I’m totally guilty. Before I started my life coaching and speaking business I worked in TV. And when I say “worked”…I overworked myself into burnout a few too many times. I made a promise to myself starting this business that I would not hit burnout.
Years later, that promise has been kept. The truth with burnout is that we don’t know we’re headed there sometimes until we’re there because the BS (blind sides) we tell ourselves keep us going.
BS you might have said:“I need to prove myself”…“I am not worthy until I get XYZ”…“I’ll be happy when XYZ”… But here’s the thing. It doesn’t just affect you, it can greatly impact your relationship.
4 Ways Burnout Harms Relationships:
Lack of balance
Every relationship needs balance. However, when you or your partner is too busy then there isn’t much space for emotional intimacy. Balance allows time to connect with your partner and communicate with one another.
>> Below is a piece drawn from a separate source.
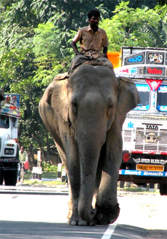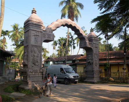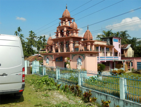 Nicht viele Touristen verlaufen sich in die Ostprovinzen Indiens und so ist unsere Abfahrt vom Nachtplatz die Attraktion, der zahlreiche Menschen beiwohnen. Bald sind wir in Hajo, wo wir einen der fünf auf Hügeln um den Ort gelegenen Tempel ansehen. Susi muss leider unten bleiben, sie sieht sich außer Stande, die lange Treppe hinauf zu bewältigen; eine ihrer Bandscheiben beschert ihr starke Schmerzen. Der älteste Teil des Tempels ist ein ungewöhnlicher Kuppelbau, in dem es so dunkel ist, dass man die Statuen darin nur schwer erkennen kann. Vom Hügel hat man einen schönen Blick auf den darunter liegenden Teich und den Palmenhain dahinter. Durch zahllose Straßendörfer fahrend erreichen wir den Brahmaputra, den wir auf einer Doppelbrücke (unter uns fährt die Eisenbahn) überqueren. Die Tempel-Atrappen sehen immer echter aus und oft wissen wir nicht, ob ein Tempel aus Stein oder Stoff gebaut ist. In Guwahati besuchen wir die etwas außerhalb auf einem Berg gelegene Hindu-Pilgerstätte Kamakhya Mandir, wo wir mit Müh und Not einen Parkplatz ergattern. Mit dem Strom der Pilger gelangen wir zum mit hunderten Tagetes-Ketten geschmückten Tor der Anlage, wo man die Schuhe ausziehen muss. Die Pilger stellen sich in langen Schlangen in käfigartigen Gängen an, um ins Innerste des Haupttempels zu gelangen, einen an eine Gebärmutter erinnernden rot gefärbten Raum. Wer ein Ticket löst, kann nach deutlich kürzerer Wartezeit eintreten, doch auch hier ist uns viel zu viel Menschengewühl und so lassen wir den Uterus einfach aus. Das Treiben ist auch so total beeindruckend und wer Freude hat, beim Opfern von Tieren zuzusehen, kommt hier voll auf seine Kosten. In Guwahati finden wir das einzige im Reiseführer beschriebene Lokal mit internationaler Küche, die sich allerdings auf Fish and Chips beschränkt. Beides genießen wir sehr, denn das Asia-Food verliert schon irgendwie seine Faszination. Auch einen Supermarkt können wir aufspüren, denn Sodawasser ist sonst kaum wo zu kriegen. Nun besuchen wir noch den Pobitora-Nationalpark, der wegen seiner Panzernashornpopulation berühmt ist und durch einen kleinen Umweg erreichbar ist. Leider öffnet der Park erst im November, aber wir haben Glück im Unglück: Auf der Weiterfahrt sehen wir zehn bis zwölf Nashörner von der Straße aus. Phantastisch! Nach einer Stunde ostwärts auf der Autobahn übernachten wir an einem Truck Terminal, einer riesigen betonierten Fläche, offensichtlich gedacht zum Abstellen von LKW, mit angrenzenden unfertigen Bauten und einem winzigen "Restaurant", das ausschließlich Bier und Spirituosen in Flaschen verkauft. Km 151/1.327/39.939.

If there isn’t time or space to do this then distance is created.
Look, you’re not always going to be able to prioritize your partner. Although, if the lack of prioritizing is coming from burnout then it can neglect the needs of you, your partner and the relationship. If the needs are not prioritized then a foundation of trust within the relationship is at stake.
Going on dates and spending quality time is important for every relationship. If you or your partner is experiencing burnout then there won’t be much to bring to that time together. This can make the connection between two people begin to die out.
Every healthy relationship has boundaries. It needs to start internally in order for the external to be upheld. Usually when someone has burnout they don’t have boundaries around what caused it. As a result, this harms a relationship and creeps into enmeshment.